Когда война началась, он жил в поселке Кумыжинск, Куйбышивский район, Сталинградская область »

Мы сохраняем устную историю. Помочь нам можно здесь.

Меня зовут Владимир Алексеевич Андреев.

Отец работал в МВД, мать – учительницей, нас трое пацанов. Войну узнал, когда были на рыбалке, мне было 10 лет. Сталинградская область, Куйбышевский район, на Дону практически. Районный центр. И там, на рыбалке, был военком, районное начальство – в день начала войны мужики поймали сома, который топил человека накануне. Один сом был на крючке, сом лежал, перешагнуть не мог через него – такой был здоровый. А приехал посыльный (начальник милиции был, директор школы), и он объявил, что война началась. И они быстро сома на куски порубили, сложили и поехали. Вот так узнали о войне. До войны не было ощущения, что будет война. Напряг был, но для меня нет, другие были заботы: я занимался птенцами хищных птиц, собирал из гнезд, выкармливал их.

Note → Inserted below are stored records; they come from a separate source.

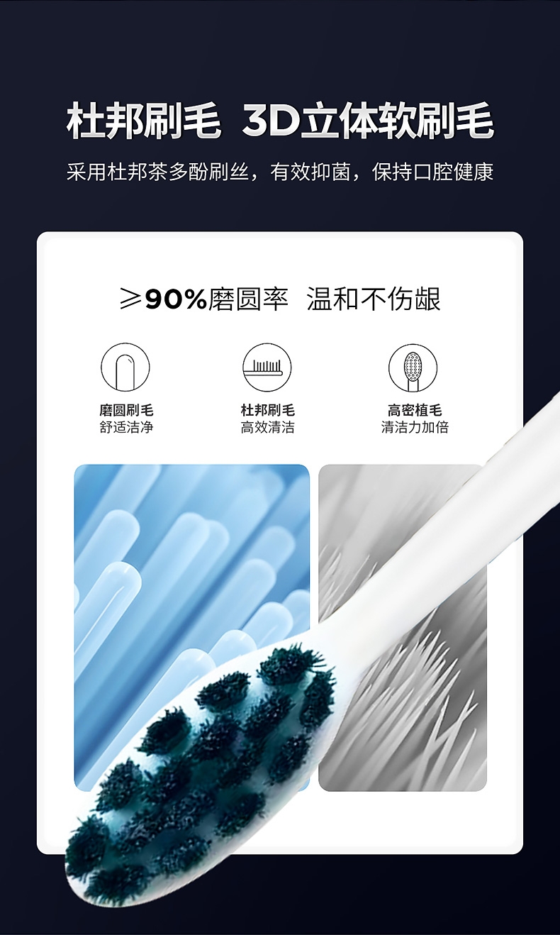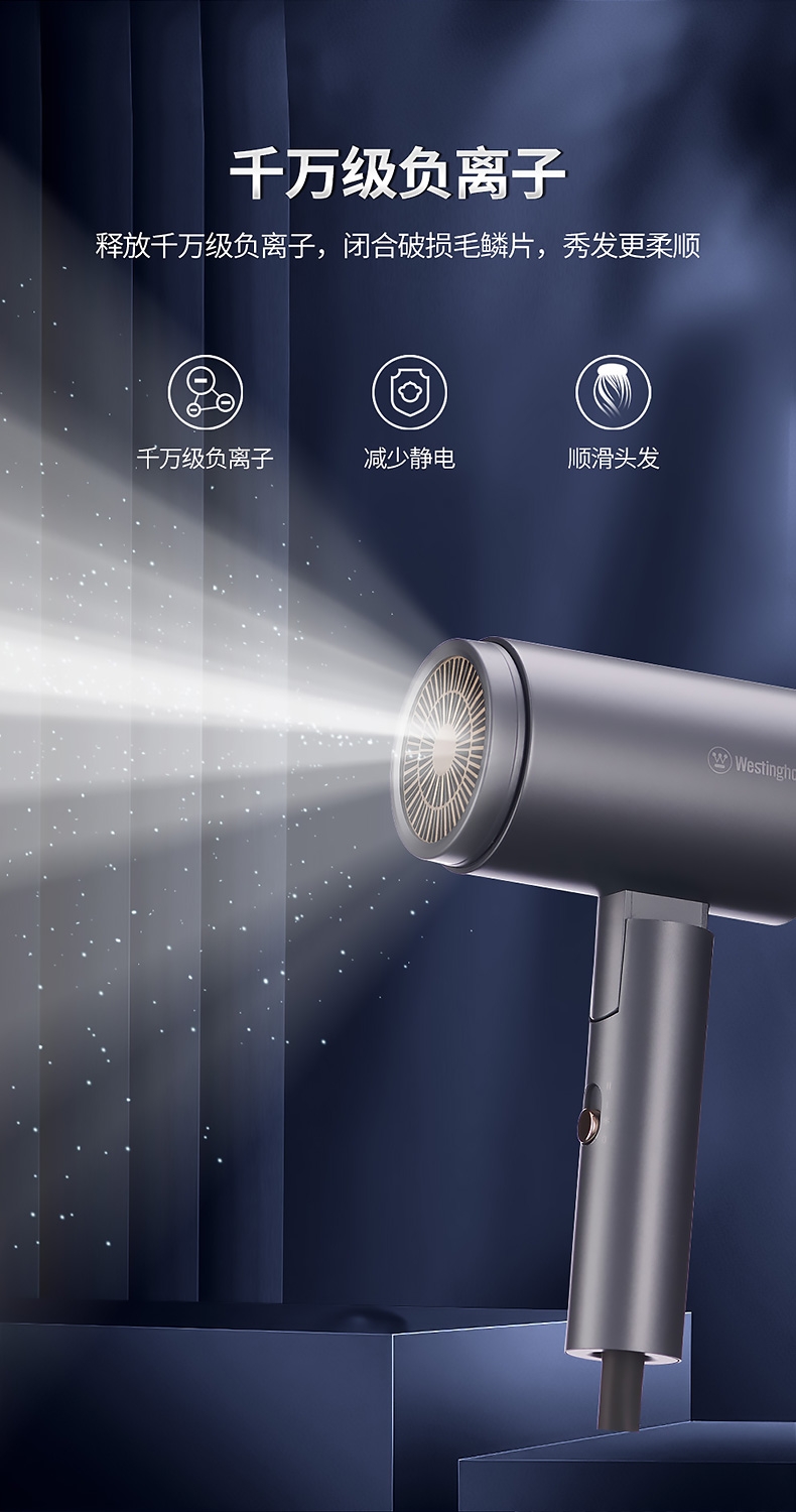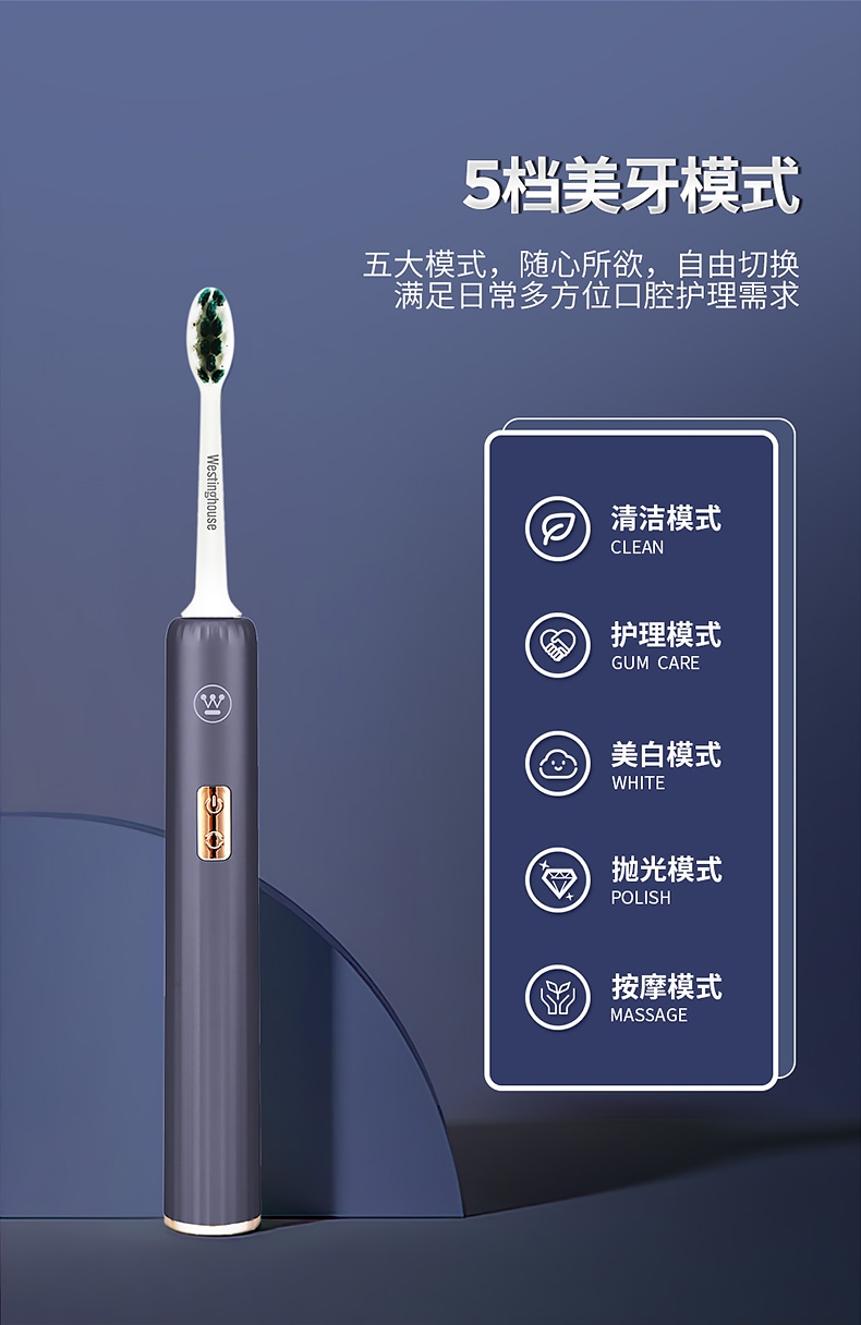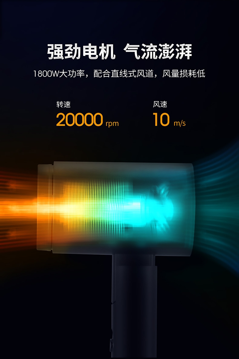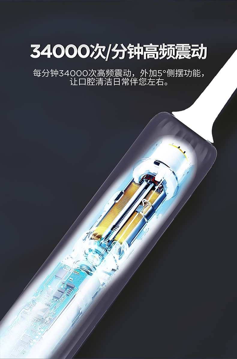 1800W大风快速干发;千万级高浓度负离子,护发养;34000次/分高频声波清洁;五种美牙模式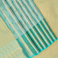 Blue zari design Kanchipuram silk saree, zari border, and pallu of thazampoo rekku, mayil chakram, and jaal design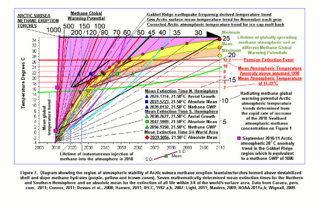 Figure 7 diagramatically shows the funnel shaped region in purple, yellow and brown of atmospheric stability of methane derived from Arctic subsea methane eruption fountains/torches formed above destabilized shelf and slope methane hydrates (Connor, 2011). The width of this zone expands exponentially from 2010 with increasing temperature to reach a lifetime of more than 75 years at 80 o F (26.66 oC) which is the estimated mean atmospheric temperature of the major Permian extinction event (Wignall 2009). The previous most catastrophic mass extinction event occured in the Permian when atmospheric methane released from methane hydrates was the primary driver of the massive mean atmospheric temperature increase to 80 oF (26.66 oC) at a time when the atmospheric carbon dioxide was less than at present (Wignall, 2009).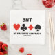 Puente / jugadores de puente duplicados a los que les encanta jugar en 3NT (tres no trump) disfrutarán de esta servilleta de papel con los cuatro trajes de cartas junto con el dicho "3NT Mi contrato favorito". ¡Haz que otros hagan una doble toma con una dosis de actitud de juego de puente con este memorable puente diciendo servilleta de papel!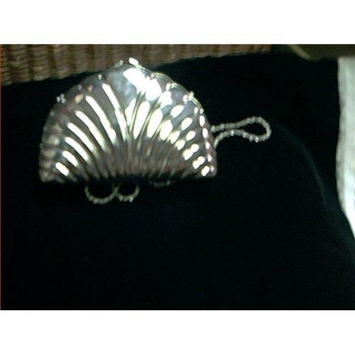 <tr><td>Title:Silver Shell Metal Hand Bag by Delill</td></tr>

Когда началась война, отец какое-то время не призывался, а потом ушел на фронт. Когда Сталин совещался с американцами и англичанами, его вызывали на охрану, это было в 1942 году. Мы были в эвакуации за Волгой. И когда он возвращался из Тегерана, он к нам заезжал на сутки – и опять на фронт. Ранило его, когда были польские банды.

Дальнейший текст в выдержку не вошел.